出的什么馊主意,明明大家一起去救人,为什么偏偏被带回来的是他?!
而且知道他被带走了,还不来救人!
“姑娘?”
外间听到动静的侍女轻声唤。
“……无事。”
宿幼枝闷闷躺回去。
*
临王府外,两个鬼鬼祟祟的人影在隔壁一条街探头探脑。
“公子,王府守备森严,我们进不去的。”知砚小声道。
谢翊一脸苦相,他也知道进不去,但这不是没法子吗,宿幼枝被小王爷带走,他也不敢回家了好吗!
“你说……”谢翊趴在墙上,生无可恋:“让他自求多福行不行?”
知砚惊恐看他。
谢翊气愤拍墙:“盛延辞是眼瞎吗,那么个臭男人也能看上!”
“公子!公子!”知砚吓坏了:“小声点……”
谢翊呼呼摇折扇,来回度步好几圈,知砚也急:“也不知道表少爷怎么样了。”
“得想办法见到他。”谢翊收起折扇。
如果是别人也就算了,他大摇大摆地去敲门要人都成,顶多名声不好听被长兄揍一顿,但临王府的门谁敢去动。
怎么偏偏是那位祖宗呢!
*
宿幼枝醒来时还有点懵。
昨晚思虑过多,但之前折腾许久还是昏昏沉沉入睡,这会儿睁眼,看到晨光大亮,明显早过了起床的时辰。

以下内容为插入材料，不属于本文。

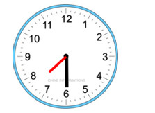 Đồng hồ được chia thành 12 phần, mỗi phần tương ứng với \(\dfrac{{{{360}^0}}}{{12}} = {30^0}\).

瞧着陌生的帘帐,宿幼枝终于想起来生了什么事,立刻弹身而起,手刚伸出去,就有人先一步帮他将帘帐挽起。
“姑娘可要洗漱?”
几位侍女守在一旁,安静有序地端水捧巾,看着她们奉来的襦裙,宿幼枝两眼一黑。
他去连周山穿的粗布麻衣,还能安慰自己只是款式不同,可面前这、这……他实在受不住啊!
“有没有……简单些的样式?”
侍女颔应是,立刻去挑选了几款裙装让他挑。
宿幼枝不是对女装一无所知,家中姊妹多,为了哄人他也是了解过的。
艰难的从中选了条最不出彩的裙子,宿幼枝让她们退下,自己换衣洗漱,连水面都没敢看。
他瞪着自己的手指,虽纤长白嫩,但怎么瞅都是属于男子的手,被多瞟几眼就要露馅的,他不由将手往袖子里藏了藏,可不敢让别人注意。
瞧这日头,辰时都要过了,盛延辞应当也已出门。
宿幼枝在门口磨磨蹭蹭没动静,忽听外面传来略熟悉的声音:“阿又?”
可不就是那让他坐立难安的小王爷!
他怎么还在府里?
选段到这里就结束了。